À luz da emergência nacional que vivemos, há certamente um debate a fazer quanto à história recente de Portugal e às opções estratégicas tomadas pelos dirigentes políticos em Portugal no pós 25 de abril de 1974. O debate diz respeito à Europa, e a primeira questão a salientar não pode deixar de ser o profundo erro da classe política portuguesa a quem nunca interessou promover o debate sobre o tema e para quem, por ignorância ou defesa dos privilégios adquiridos, a Europa se transformou na panaceia para todos os males do país. De forma acrítica, o processo de integração na Europa foi assumido como inevitável e um milagre para o país que perdera o império, acontecesse o que acontecesse com as negociações específicas relativas ao embate dos diferentes setores económicos com o colosso europeu. Algo que é preciso ler agora a uma nova luz, a classe política no poder em Portugal desde 1975 viu na Europa a única forma de legitimar a manutenção desse poder e viabilizar o país. Sem mais visão estratégica que essa. É certo que Portugal sempre foi um país exógeno, que não controla a maior parte dos elementos do sistema em que está integrado, e que sempre precisou de um apoio externo para garantir a sua soberania, às vezes com custos tremendos para o seu desenvolvimento. É certo que a opção europeia era inevitável após 1974, mas essa opção nunca foi considerada de forma crítica, nunca foi produzida uma visão estratégica de Portugal na Europa e pior, o debate sobre o tema sempre foi cerceado pela classe política, receosa de se confrontar com as suas decisões. PS e PSD sempre inviabilizaram um referendo sobre a integração, com receio de que o debate promovesse as teses anti-europeísta, mas acabaram por impedir a análise prospetiva dos desafios que essa integração levantaria.
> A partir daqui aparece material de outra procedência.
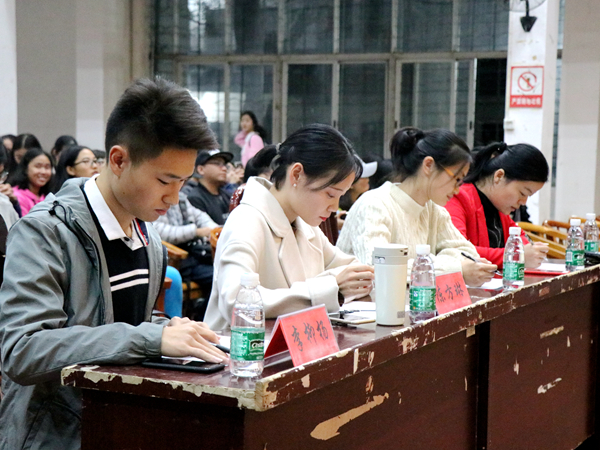 10月20日晚7时,由JIUYOU.COM九游娱乐(中国)官网团委学生会主办,语言艺术团承办的“青春献党· 艺染湖科—JIUYOU.COM九游娱乐(中国)官网2017级新生演讲决赛”拉开帷幕。来自不同专业的十二名选手在初赛选拔中脱颖而出,顺利进军决赛,并于我校南校学生活动中心展开巅峰对决。我院学工办主任马忠石老师、学工办赵华老师、学工办成伟明老师、学工办赵晗冰老师、学工办钱子凡老师、学生会主席团成员、各部门部长及学工助理到场聆听,并担任评委。此外,本次比赛还特邀原校广播电视台播音部部长陈方琳、15级新生演讲赛冠军得主李柳杨担任评委,部分2017级新生也到场见证了此次激烈对决。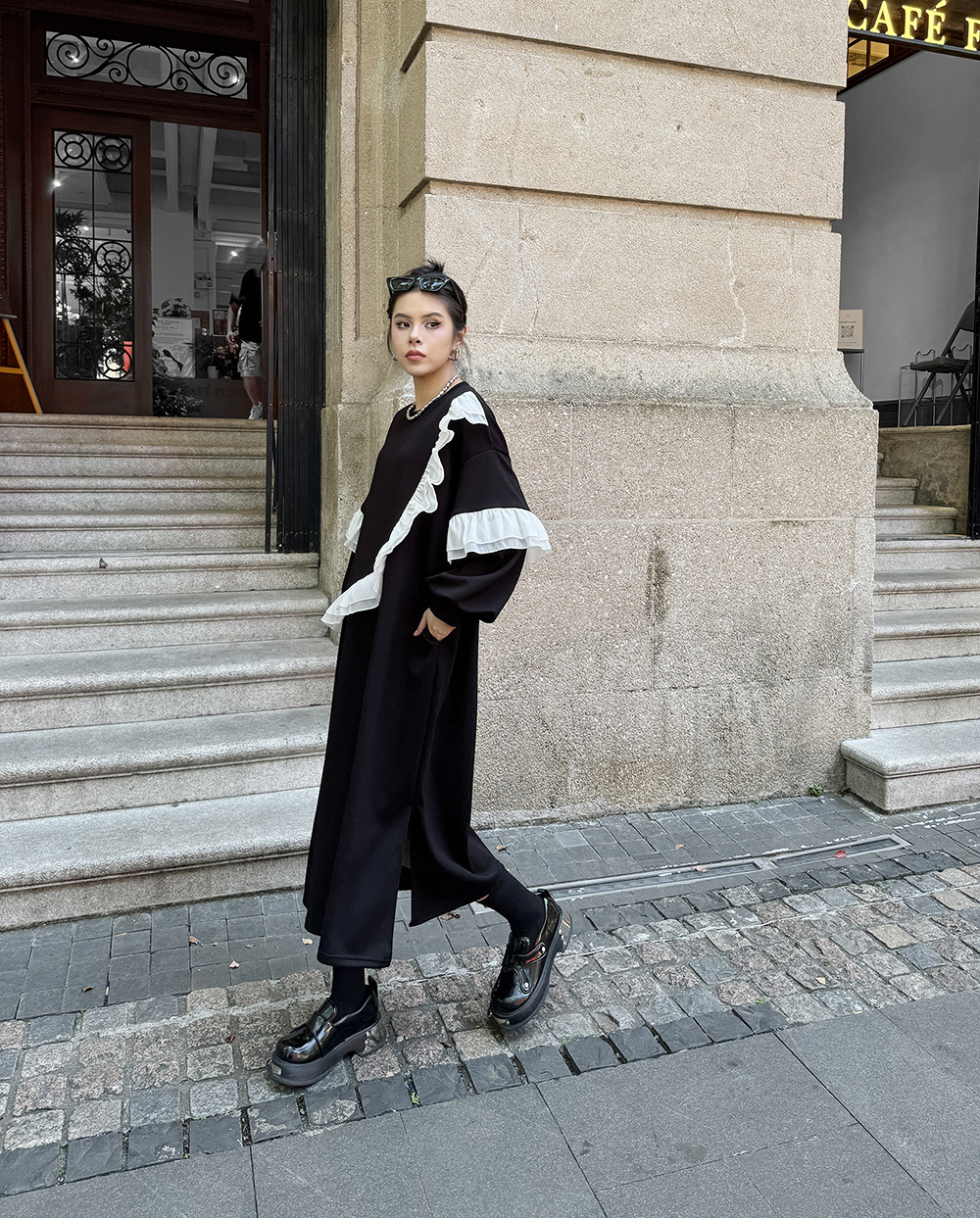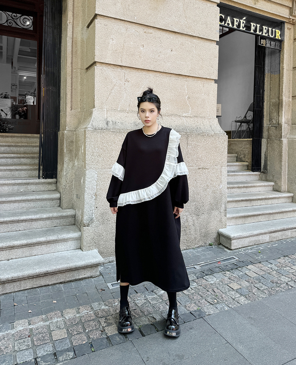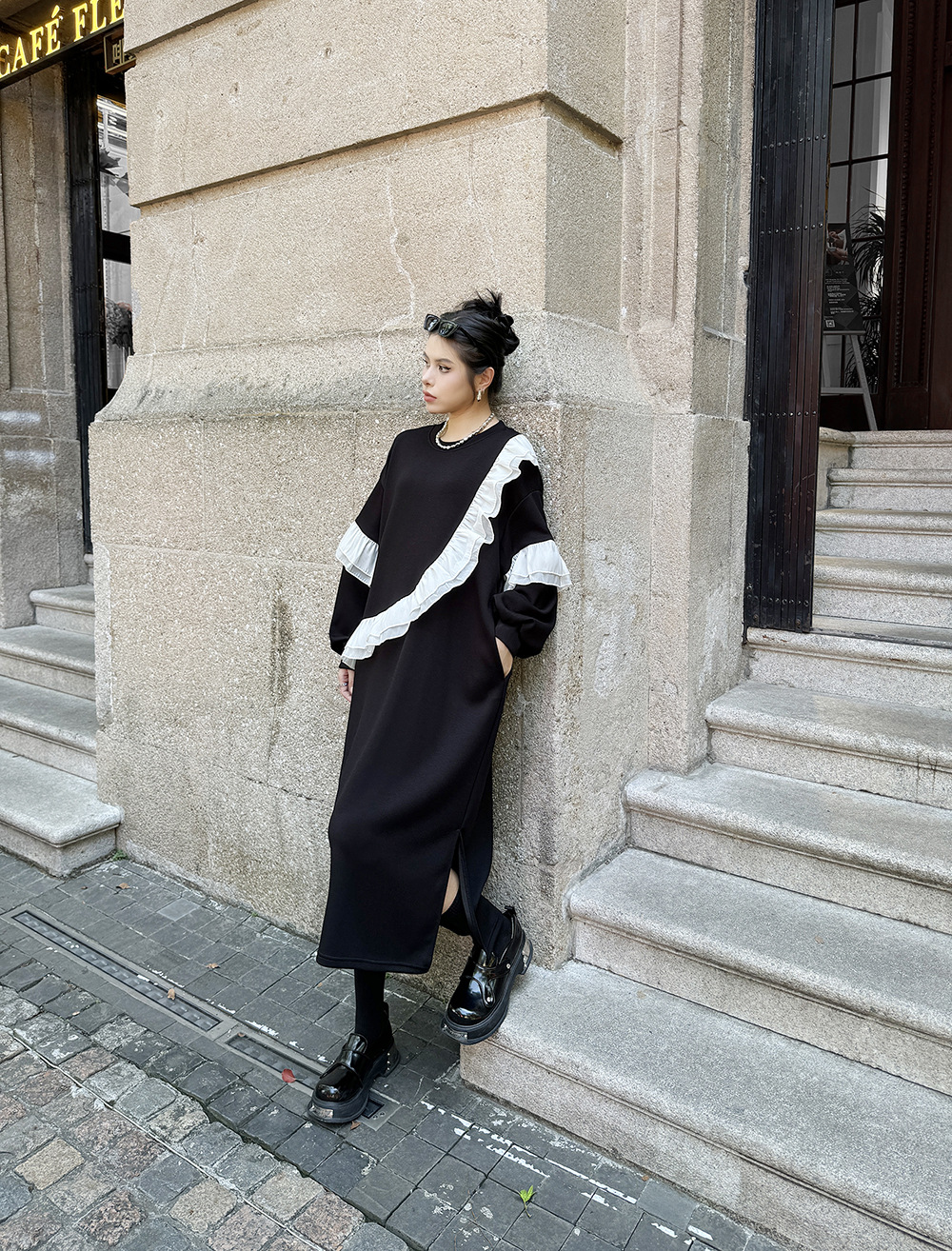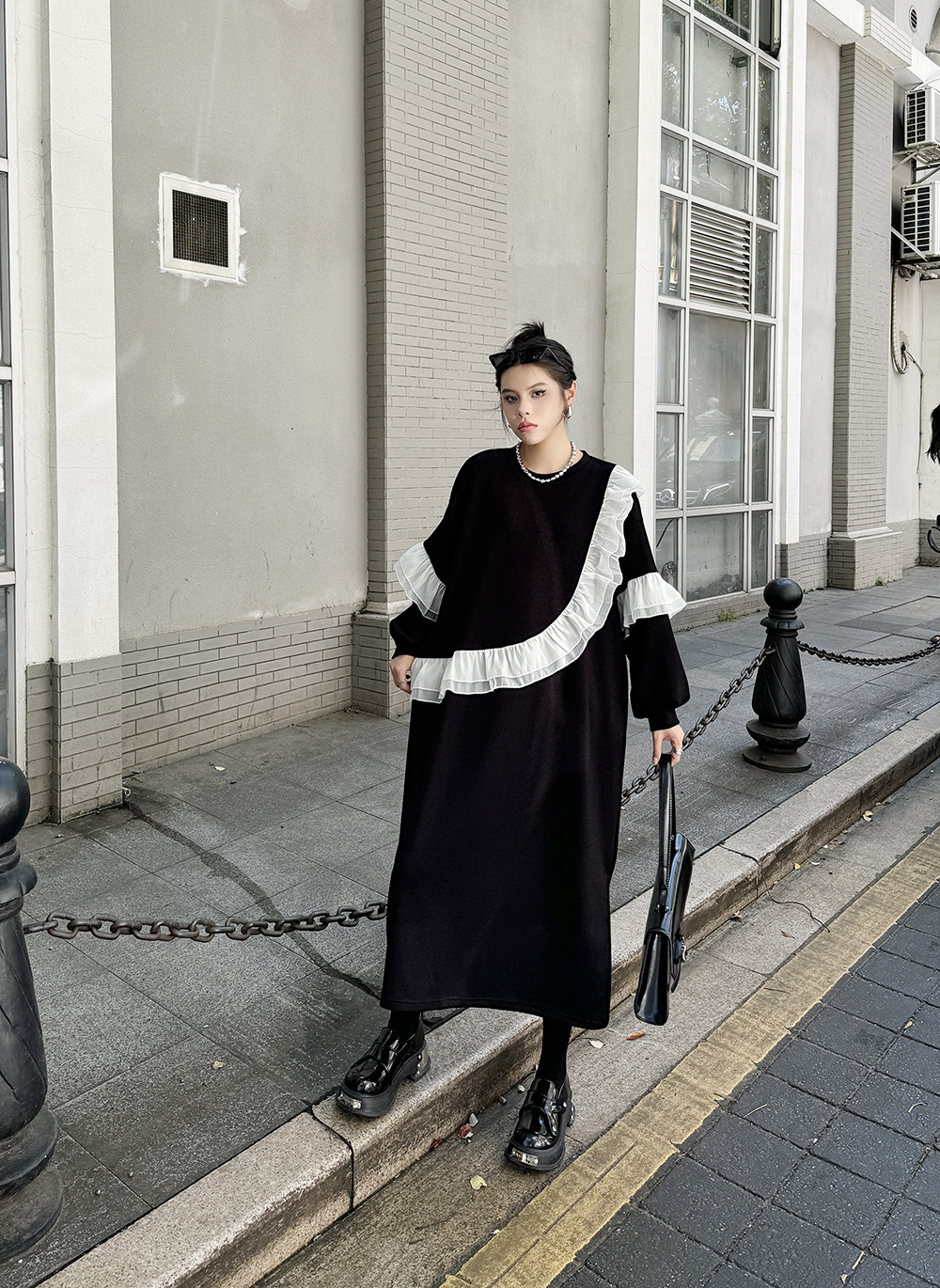 新作 レトロ ワンピース デザイン 長袖ワンピース ラッフル 切り替え ワンピース ラウンドネック ゆったり 大きいサイズ 着やせ おしゃれ ワンピース レディース パーティードレス

Em 2012, e com Portugal transformado num protetorado da troika, é mais fácil perceber que o país nunca teve verdadeira política europeia, nunca percebeu a importância de produzir uma visão europeia e de ter voz no futura da integração do continente. A ignorância, a inaptidão e a displicência da classe política portuguesa são responsáveis por isso; a ausência de debate sério sobre o país fez o resto. Por toda a Europa, debateu-se intensamente, nos últimos 20 anos, o impacto do alargamento europeu aos antigos países da esfera soviética, a integração da China no sistema comercial mundial, os efeitos da globalização económica e financeira e o impacto de tudo isto para a velha soberania dos estados. Alheia a tudo, a classe política portuguesa preferiu promover um modelo de dependência do crédito externo, dos subsídios europeus e do setor de bens não-transacionáveis, profundamente garantista dos seus privilégios e protetora do tráfico de influências. Pelo caminho ficou a capacidade produtiva e a vulnerabilidade do país a todo o tipo de choques. Porventura, o erro mais estratégico foi o de que, na Europa do futuro, bastaria assumirmos a condição de periferia e consumir – a crédito – enquanto a produção poderia ficar concentrada no centro. A solidariedade europeia faria o resto, nomeadamente a redistribuição da riqueza do centro para as periferias.
O drama consiste então em que continuamos sem visão estratégica. Prescindimos dela na suposta abundância e não somos capazes de a produzir num momento de emergência nacional. Ao contrário, o que sobressai é a defesa dos privilégios adquiridos por quem deveria governar o país e o transformou num protetorado das instituições internacionais. Sem mais programa que a austeridade, o empobrecimento e o aprofundamento da crise, o país vai desaparecendo da Europa e vai perdendo voz e capacidade de intervenção e decisão. Não era assim que imaginávamos o fim da soberania mas este pode bem ser o golpe de graça para países como Portugal.